When we founded ZoomInfo in 2007, the conviction was that data is the prerequisite for everything in go-to-market (GTM). Assembling the architecture took the next 19 years, because the technology customers needed to consume the data the way they wanted was not yet built.

What changed is the environment around the data, not the data itself. GTM has hardened into a discipline that companies treat as a source of competitive advantage rather than a function their sales team carries out by feel. The infrastructure that makes AI-native execution possible — APIs any service can call, MCPs any agent can read — is finally available everywhere our customers do work.

The architecture customers pulled forward

Soon after we founded the business, customers wanted our data in places other than ZoomInfo. The first ask was the CRM. Then it was marketing automation tools. Then someone asked whether we had an API, and I had to figure out what an API was.

Because customers kept pulling the data into more surfaces, we kept rebuilding to meet them there. Over the past two years, we did that rebuild deliberately, re-architecting the underlying infrastructure to make the data available everywhere before the use cases that would justify it were obvious. When large language models arrived, and MCP followed, the data was already designed to be consumed somewhere other than our front-end application.

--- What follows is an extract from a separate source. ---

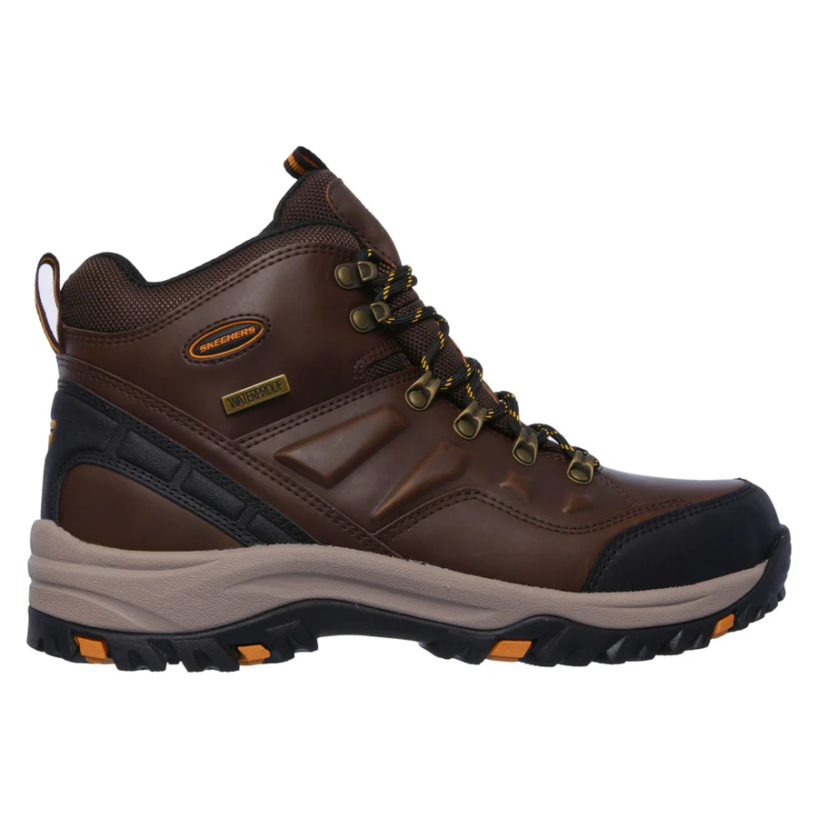 Forge ahead in rugged trail-ready style and comfort with Skechers Relaxed Fit?: Relment – Traven. This lace-up hiking style ankle boot features a waterproof durable smooth leather, synthetic and mesh upper with cushioned Memory Foam insole.

That sequence inverts the usual founder narrative about AI. We did not move toward AI-native infrastructure because of ChatGPT; the customer signal had been consistent enough to bet on for years. The recent leg of the journey is the part where the market caught up.

Why the discipline hardened

If you searched 2020 earnings call transcripts for “go-to-market,” you found a few mentions across maybe five calls. Since we changed our ticker from ZI to GTM, that number is up roughly 50 times. The term is in every job description and on every earnings call.

When we started ZoomInfo, we treated go-to-market as a real discipline inside the organization, and that created differentiation because most companies did not. Today, companies broadly recognize go-to-market as a discipline that can give them a competitive advantage. The corollary is that anyone who has not built that discipline is at a structural disadvantage.

This shift is happening now because the data required to make go-to-market scientific is finally available in a way it was not in 2007 or 2020. The discipline came first. The data caught up.

The 5-year test

Go-to-market is made up of roughly 20 tasks — prospecting, account research, territory planning, TAM identification, deal inspection, call coaching and so on. Historically, ZoomInfo was excellent at one or two of those boxes. The test we set when we changed our ticker was whether we could expand into the rest.

By the end of this year, the target is 8 boxes; by the end of 2027, fifteen. The jobs to be done in go-to-market have not changed since 2007. What has changed is where those jobs get done. Work that used to happen inside opinionated SaaS interfaces is now happening in Claude Code, in Codex and in custom internal applications that mirror specific revenue workflows. The infrastructure has to be flexible enough to plug into all of those places.

The layer, not the destination

Becoming the layer rather than the destination requires the underlying architecture to change. APIs and MCPs have to be flexible for any platform, not hard-coded for ours. They have to be readable by a developer and, more importantly, readable by an agent that can scan the docs and build on top without unique knowledge of our software.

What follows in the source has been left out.